This piece by Devin McKinney is part of a series of essays to mark the 50th anniversary of the Beatles' first American television appearance on CBS's "The Ed Sullivan Show." It culminates with CBS News, 50 Years Later...The Beatles at The Ed Sullivan Theater: Presented by Motown The Musical, a live, interactive multimedia event at The Ed Sullivan Theater on Feb. 9. 

"When we got here, you were all walking around in f***ing Bermuda shorts," John Lennon said of the Beatles' U.S. landfall on Feb. 7, 1964. "There was no conception of dress or any of that jazz. We just thought, what an ugly race." 

He had a point. We were not stylish in '64. Apparently our post-war prosperity hadn't included a clothing allowance. The mostly white, middle-class kids who swarmed JFK Airport and surrounded the Plaza Hotel that first week of the Beatles' invasion were dressed like junior versions of their parents. "They came to bring us back to life!" says a character in Robert Hemenway's 1969 short story "The Girl Who Sang with the Beatles." Step two of that quick and painless process-after the music-was showing us how to dress. 

Beatle style wasn't androgynous, except in the narrowest terms of the time, but it implied pansexuality. That spooked the fogeys:  jokes about gender and wigs were made by TV comedians wearing mascara and Grecian Formula. But Beatle hair was the only fitting crown for the Beatles body:  all four similar but each distinctively poised, dashing in dark fabric and high buttons, a hint of pinstripe or velour, the creased pant leg tapering sharply to the booted toe. Elements of the style were gathered from all over-London, Paris, Hamburg.  But the Beatles kept only what was good. They pulled it together and brought it off, looked smashing and weren't shamefaced about it. 

 They made a kid want to try on clothes.
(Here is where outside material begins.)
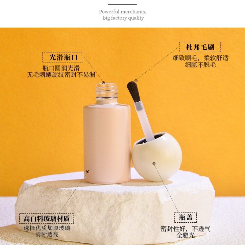New 10ml nail polish bottles with DuPont brush. Opaque white glass, sealed ball cap. MOQ 10,000. Ships in 2 weeks. Perfect for gel/polish brands. Free samples. Global delivery.

The boy of '64, out of his Bermudas and braces, becomes three years later the high school hipster asked by TV host Dick Clark for his impression of the odd first Beatles promo film - "Strawberry Fields Forever."  "It's great," the kid giggles, wonderstruck, wanting nothing but to score himself a paisley shirt. 

His parents took longer to relax into the essential wisdom of Beatle dress, which said simply:  Don't disappear.  Be a spot of style in this gray world.  So women got into miniskirts, wide belts, kinky boots, bell-bottoms.  Eventually, even respectable Dad was dressing flamboyantly-fat ties, broad lapels, muttonchops-taking a bit of the peacock prerogative that writer Hanif Kureishi perceived in the "gloriously non-functional" clothing of the Beatles' psychedelic phase, when "like Baudelairean dandies they could afford to dress ironically and effeminately, for each other, for fun, beyond the constraints of the ordinary." 

Fashion rolls on, but it's never rolled past the Beatles. Their trim matching suits have long been standard indie-band uniform; their irreverent formality is routinely revived as cutting-edge style. Beatles '64 is a classic look because it symbolizes today what it did then: style as freedom. Most of us still live, to some degree, within the constraints of the ordinary. But, thanks to the Beatles, the ordinary itself is a far more interesting and colorful place to be. We are no longer quite such an ugly race. 

Devin McKinney is the author of Magic Circles: The Beatles in Dream and History. He co-founded and contributes to the Beatles blog Hey Dullblog.